BEGIN Supplied material

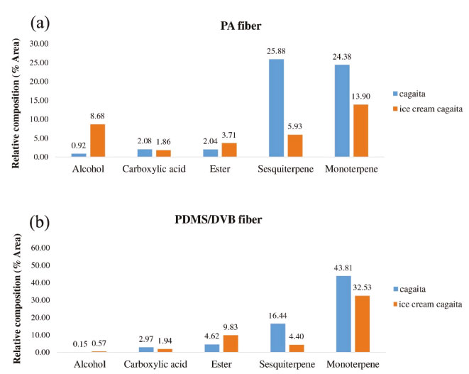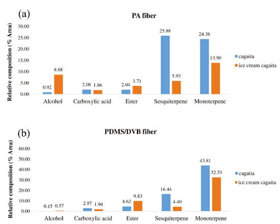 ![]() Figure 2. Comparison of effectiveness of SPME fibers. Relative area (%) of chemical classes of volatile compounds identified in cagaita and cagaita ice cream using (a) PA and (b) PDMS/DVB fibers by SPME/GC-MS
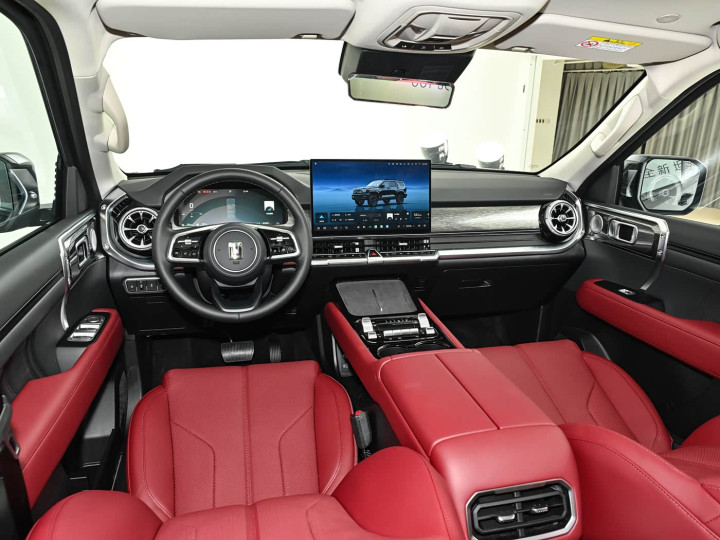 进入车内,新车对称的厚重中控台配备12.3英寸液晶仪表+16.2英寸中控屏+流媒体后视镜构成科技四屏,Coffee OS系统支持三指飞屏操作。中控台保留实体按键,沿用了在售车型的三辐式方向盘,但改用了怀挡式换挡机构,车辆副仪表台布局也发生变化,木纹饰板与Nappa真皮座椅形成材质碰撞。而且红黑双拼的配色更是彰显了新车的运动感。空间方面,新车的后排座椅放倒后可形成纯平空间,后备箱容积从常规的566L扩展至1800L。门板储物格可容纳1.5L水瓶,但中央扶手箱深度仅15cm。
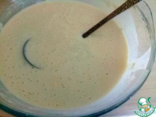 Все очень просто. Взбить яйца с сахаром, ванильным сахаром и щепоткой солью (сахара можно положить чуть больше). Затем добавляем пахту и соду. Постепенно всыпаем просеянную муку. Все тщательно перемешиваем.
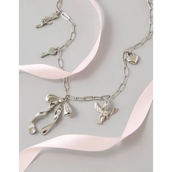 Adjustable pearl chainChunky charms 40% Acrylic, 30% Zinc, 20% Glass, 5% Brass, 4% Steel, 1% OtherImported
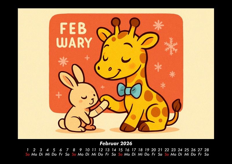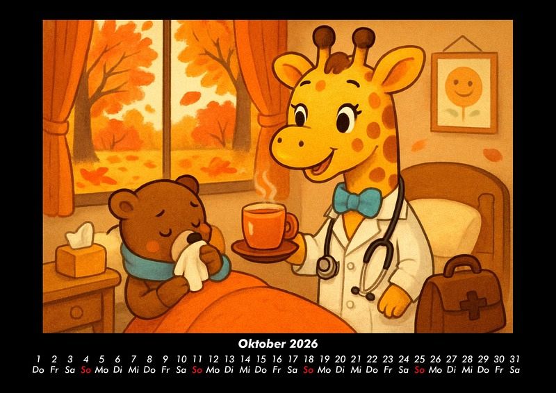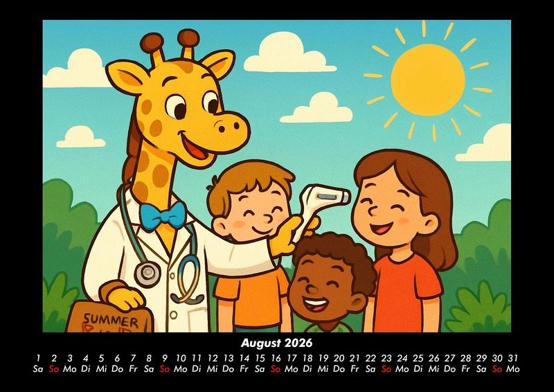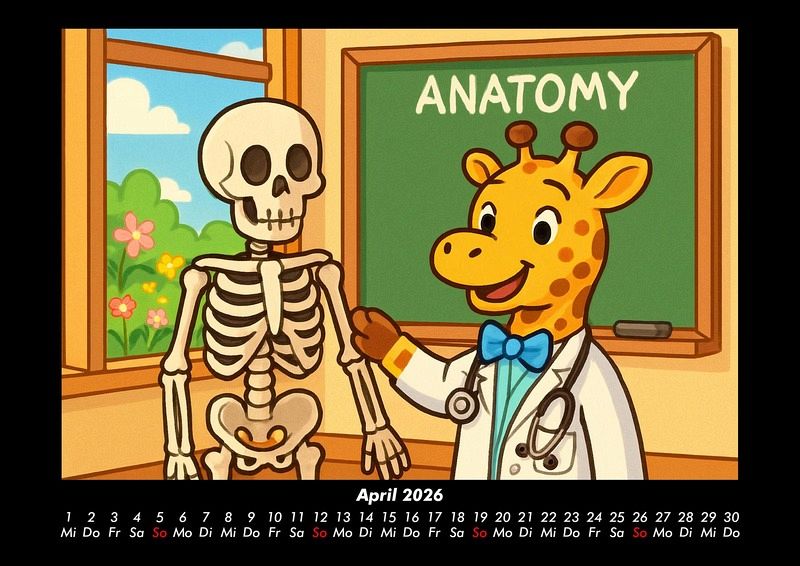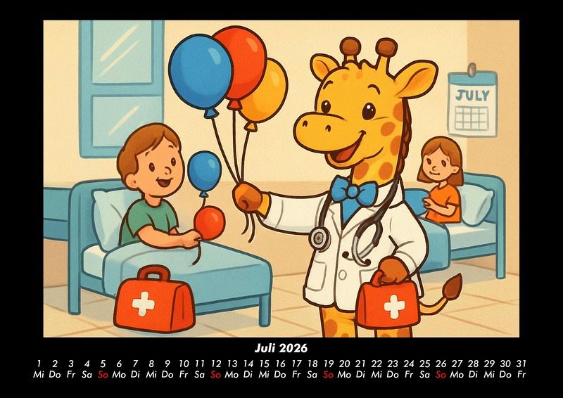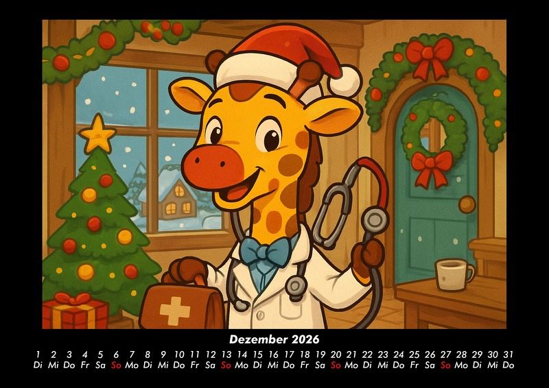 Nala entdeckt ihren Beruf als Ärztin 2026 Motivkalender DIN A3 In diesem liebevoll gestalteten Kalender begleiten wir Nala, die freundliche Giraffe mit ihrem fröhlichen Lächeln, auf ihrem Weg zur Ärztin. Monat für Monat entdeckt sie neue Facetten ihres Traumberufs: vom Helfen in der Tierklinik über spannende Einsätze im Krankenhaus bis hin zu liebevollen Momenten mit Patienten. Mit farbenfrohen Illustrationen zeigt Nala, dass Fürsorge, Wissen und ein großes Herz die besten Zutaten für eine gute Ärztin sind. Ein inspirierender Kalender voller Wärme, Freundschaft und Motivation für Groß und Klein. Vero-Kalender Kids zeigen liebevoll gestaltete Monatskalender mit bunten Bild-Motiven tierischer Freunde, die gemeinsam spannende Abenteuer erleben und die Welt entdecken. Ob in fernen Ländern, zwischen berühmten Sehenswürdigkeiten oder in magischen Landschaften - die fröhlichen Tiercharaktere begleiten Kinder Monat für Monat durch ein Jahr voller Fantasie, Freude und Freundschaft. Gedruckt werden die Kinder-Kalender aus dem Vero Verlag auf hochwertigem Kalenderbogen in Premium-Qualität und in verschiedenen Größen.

END Supplied material

Task instructions - Find the line with "Все очень просто." in the data above, and from there retype each line exactly through the line with "Adjustable pearl chainChunky", skipping the pictures along the way.

Solution -
 Все очень просто. Взбить яйца с сахаром, ванильным сахаром и щепоткой солью (сахара можно положить чуть больше). Затем добавляем пахту и соду. Постепенно всыпаем просеянную муку. Все тщательно перемешиваем.
 Adjustable pearl chainChunky charms 40% Acrylic, 30% Zinc, 20% Glass, 5% Brass, 4% Steel, 1% OtherImported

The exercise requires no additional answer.